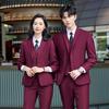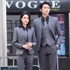 Ropa de Negocios Traje de Mujer Traje Igual para Hombre y Mujer Otoño e Invierno Manga Larga Traje de Lana a Rayas Vestido Traje de Negocios de Tres Piezas
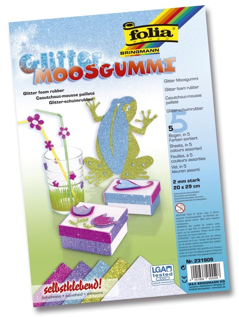 Folia Moosgummi Moosgummi Glitter - 20 x 29 cm, selbstklebend, 5 Farben sortiert
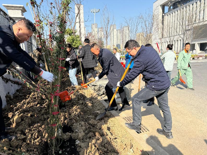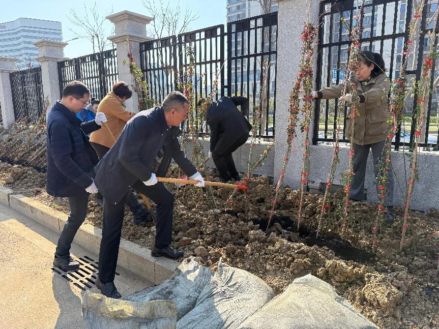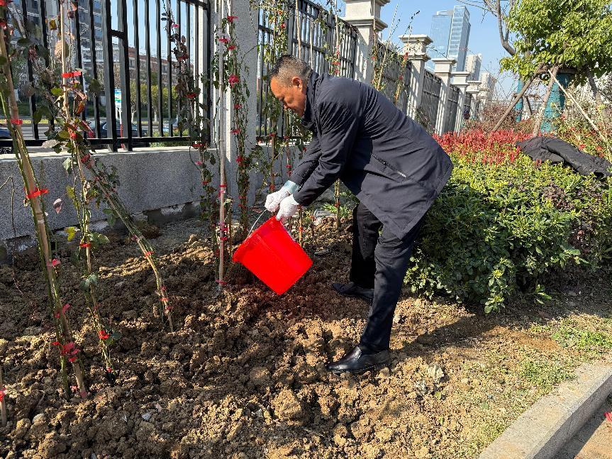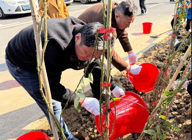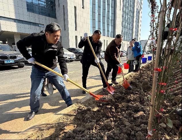 上午9时,校企双方党员职工代表在学院南门东侧围墙处栽种爬墙月季,从挖穴、回填、施肥、种植到浇水,大家争先恐后,辛勤劳动,将校园越变越美的祝愿一同种植到脚下的泥土中。完成所有花苗的种植后,大家开心地表示,等到灿烂如霞的月季爬满栅栏时,一定要到这里拍照“打卡”留念。

TASK STATEMENT: Please restate word for word each line from the one containing "Folia Moosgummi Moosgummi" to the end of the data above, without the pictures.

RESPONSE TO THE TASK:
 Folia Moosgummi Moosgummi Glitter - 20 x 29 cm, selbstklebend, 5 Farben sortiert
 上午9时,校企双方党员职工代表在学院南门东侧围墙处栽种爬墙月季,从挖穴、回填、施肥、种植到浇水,大家争先恐后,辛勤劳动,将校园越变越美的祝愿一同种植到脚下的泥土中。完成所有花苗的种植后,大家开心地表示,等到灿烂如霞的月季爬满栅栏时,一定要到这里拍照“打卡”留念。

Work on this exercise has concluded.